▶ **Assignment**
With the exception of the pictures, write out the data below precisely.

(Recorded information)

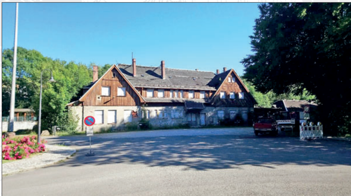
ehemaliger Bahnhof Meinersdorf

Im Vorfeld ersteigerte die Gemeinde Burkhardtsdorf am 22.06.2015, in Absprache mit dem Projektträger Verkehrsverbund Mittelsachsen GmbH, das Gebäude des ehemaligen Bahnhofes Meinersdorf für 5.000,00 €. Hier wurde sich bereits frühzeitig abgestimmt, dass eine ÖPNV-Verknüpfungsstelle (Park- und Ride-Fläche) entstehen soll, welche den Einwohnerinnen und Einwohnern der umliegenden Gemeinden Abstellmöglichkeiten für die Fahrzeuge zur Nutzung der City-Bahn Chemnitz bieten werden.
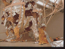
Métamorphose d'impact Installation, 2007 Le Crédac & Attitudes, Paris

(End Recorded information)

▶ **The completed task**
ehemaliger Bahnhof Meinersdorf

Im Vorfeld ersteigerte die Gemeinde Burkhardtsdorf am 22.06.2015, in Absprache mit dem Projektträger Verkehrsverbund Mittelsachsen GmbH, das Gebäude des ehemaligen Bahnhofes Meinersdorf für 5.000,00 €. Hier wurde sich bereits frühzeitig abgestimmt, dass eine ÖPNV-Verknüpfungsstelle (Park- und Ride-Fläche) entstehen soll, welche den Einwohnerinnen und Einwohnern der umliegenden Gemeinden Abstellmöglichkeiten für die Fahrzeuge zur Nutzung der City-Bahn Chemnitz bieten werden.
Métamorphose d'impact Installation, 2007 Le Crédac & Attitudes, Paris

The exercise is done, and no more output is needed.